4) Collaboration is key
When the entire ecosystem is safe, everybody wins. Businesses enjoy reduced losses from fraud and false declines, and, at the same time, consumers experience a frictionless authentication process that provides both security and convenience. In order for this to be possible, collaboration across the payment chain is essential.
For once, it really is a win-win
Right now, the authentication protocol described here might seem a long way off. After all, most payment services and online banking services have only recently started to make use of physical biometrics and two-factor authentication.
But, it’s important to remember that, for once, making the next step up in authentication practice will have a resoundingly positive impact on everybody involved.
Continuous passive authentication will be comfortably the biggest authentication breakthrough ever and will have a profound impact not just on the primary and secondary costs of fraud, but also on the user experience. Not only will consumers enjoy frictionless authentication across all of their important accounts, they’ll also experience fraudulent events at a much lower rate than ever before.

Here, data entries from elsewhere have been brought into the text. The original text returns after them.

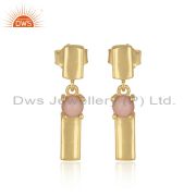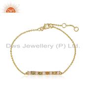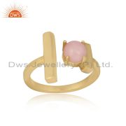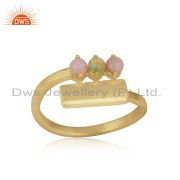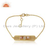 Designer Gold on Silver 925 Bar Bracelet with Ethiopian and Pink Opal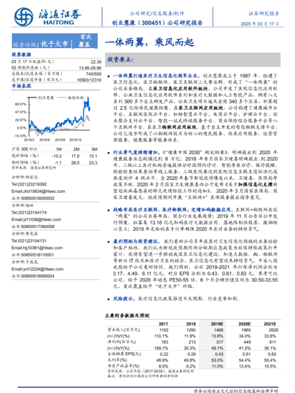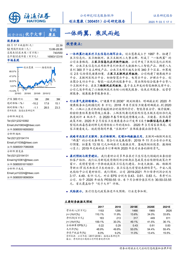 【海通证券】【20200317】20200317-海通证券-创业慧康-300451.SZ-公司研究报告:一体两翼,乘风而起-22页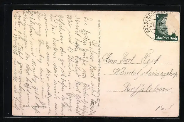 alte Ansichtskarte, gelaufen 1935, Briefmarke entfernt, guter Zustand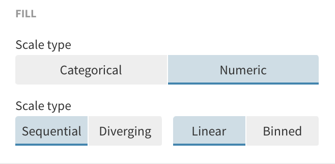 Go to the colors settings within the Regions layer settings and select Numeric to be your scale type. You can also select whether you would like your legend to be sequential or diverging.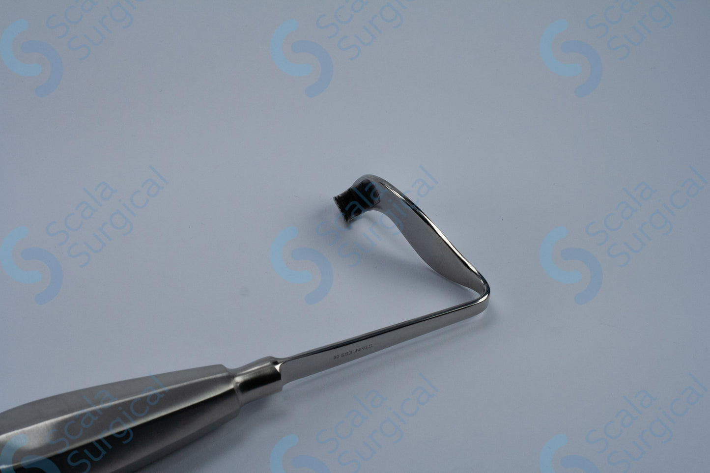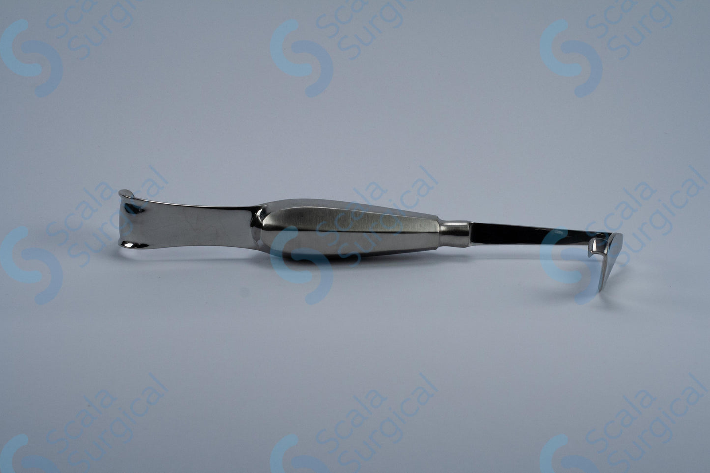 The Rowe Buccal Flap Retractor is a surgical instrument used to retract tissue during oral surgery procedures. It is specifically designed to retract the buccal flap during oral surgeries such as crown lengthening and implant placement. The double ended hollow handle is curved to the left to provide greater access to the surgical site.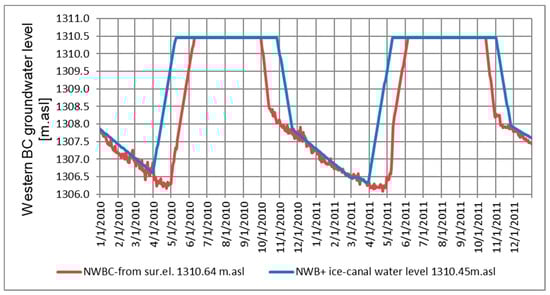 Recharging time difference on northwest boundary (NWBC) with ice storage (blue), only from drainage canal (red).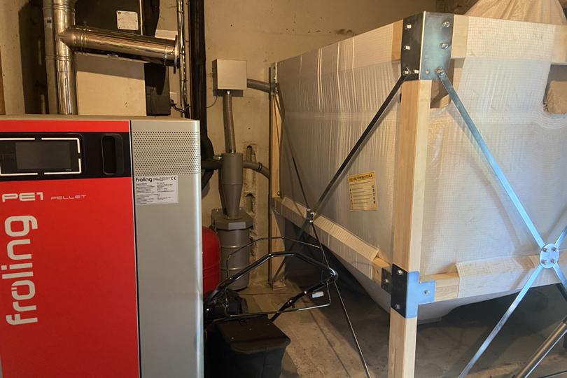 Chaufferie (avec chaudière à pellets et réservoir) / Garage |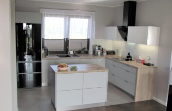 Ta kuchnia z wyspą to przykład funkcjonalnego i estetycznego wnętrza, w którym naturalne drewno spotyka się z nowoczesnymi wykończeniami. Projekt łączy minimalizm i praktyczne rozwiązania, które idealnie sprawdzą się w codziennym użytkowaniu.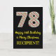 Le recto de cette carte de voeux amusante et simple sur le thème de Noël et d'anniversaire du 25 décembre comprend un grand numéro "78" avec un motif à rayures vert/blanc/rouge, ainsi que le message "Happy 78th Birthday & Joyeux Noël", et un nom personnalisable. L'arrière - plan du devant est noir de couleur. L'intérieur comporte un message d'anniversaire personnalisé, ou pourrait être effacé et laissé vide si un message doit être écrit à la main à la place. Une carte d’anniversaire personnalisée comme celle-ci pourrait être une façon amusante d’envoyer un message pour célébrer le soixante-dix-huitième anniversaire de quelqu’un qui tombe aussi le jour de Noël (le 25 décembre). [~Z0000405]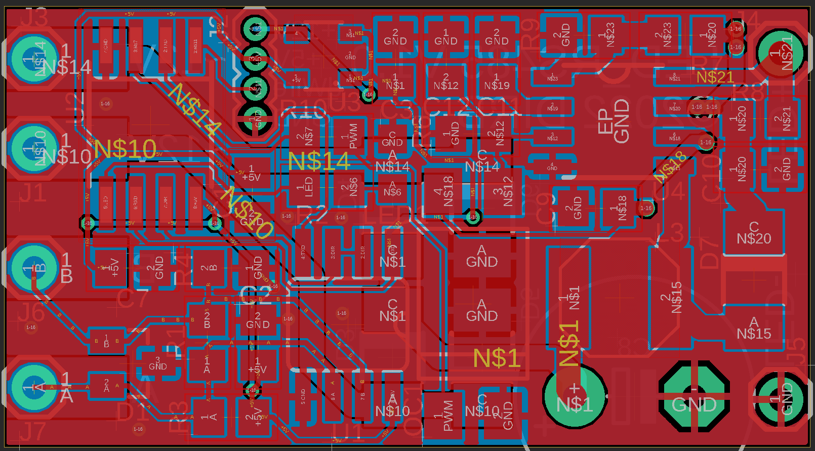 Der LED Boot Driver ist identisch zur Originalversion und nur durch die PWM-Ansteuerung ergänzt. Da ich bei den ersten Versuchen ein paar Hardwareausfälle (ATTINY85 + BP1808) wegen Überspannung hatte, wird das PWM Signal galvanisch mit einem Optokoppler (OC1) getrennt. An der RS485 Schnittstelle sind auch optional die Abschlusswiderstände vorgesehen (R1,R3,R4). Der MAXIM Baustein arbeitet im Halb-Duplex, daher steuern wir die Richtung (Empfangen oder Senden) zusätzlich über den ATTINY85. Der letzte freie Ausgang an der CPU steuert eine Status-LED (LED1). Die hilft beim Debuggen und der Inbetriebnahme, vor allem wenn man die POWER-LED abgeklemmt lässt.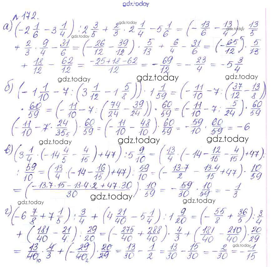 Ответы к Решение к упражнениям 172 Сборнику задач и упражнений по Математике для 6 класса Гамбарин, Зубарева Мнемозина 2011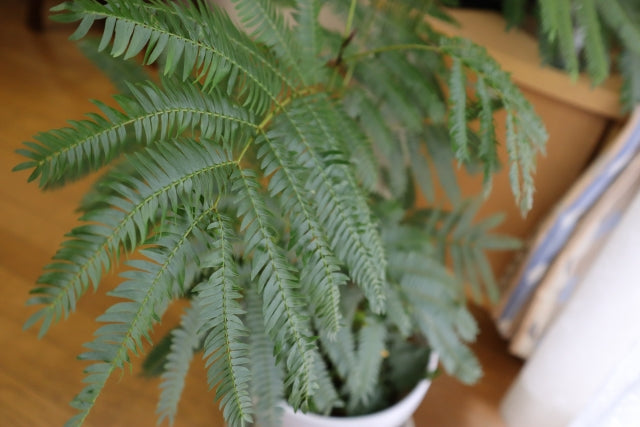 日本や東南アジアを中心に自生するエバーフレッシュは、日本でも身近な観葉植物の1つです。小さな葉っぱが何枚も連なって形成される植物の姿は、とてもキュート。また、夜になると葉っぱが閉じて眠ってしまう習性(就眠運動)があり、「まるで人間みたい!」と親近感を覚えるのも人気を集める秘密です。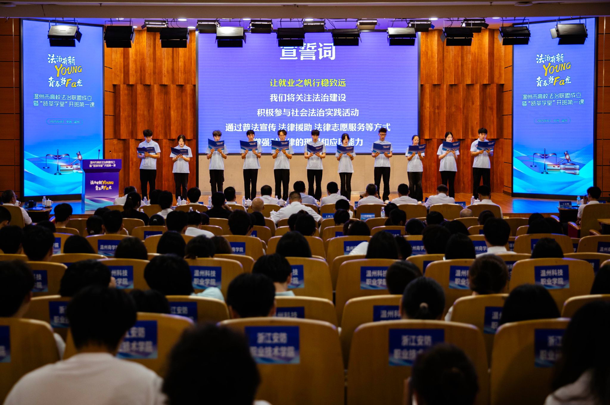 “我自愿成为法治建设的践行者、法治文化的传播者、公平正义的守护者!”铿锵誓言在温大校园里回荡,来自11所高校学生代表庄严宣誓。

And, believe it or not, consumers are ready for change. After all the high profile data breaches from the past few years, it should be no surprise that 78 percent of online shoppers believe they need more protection and 57 percent have little faith that e-commerce sites will keep their personal information secure.
Consumers are now more aware and less tolerant of fraud than ever before, and they’re starting to make it clear that they expect a higher degree of security than they have experienced in the past. To illustrate this point, according to a recent survey by Mastercard, 95 percent of millennials said they were willing to eliminate the use of passwords altogether to access their bank accounts.
So, while it may feel like a long road to travel, making steps towards the future of authentication really will have a profoundly positive impact, not just for your bottom line, but for almost every aspect of your business.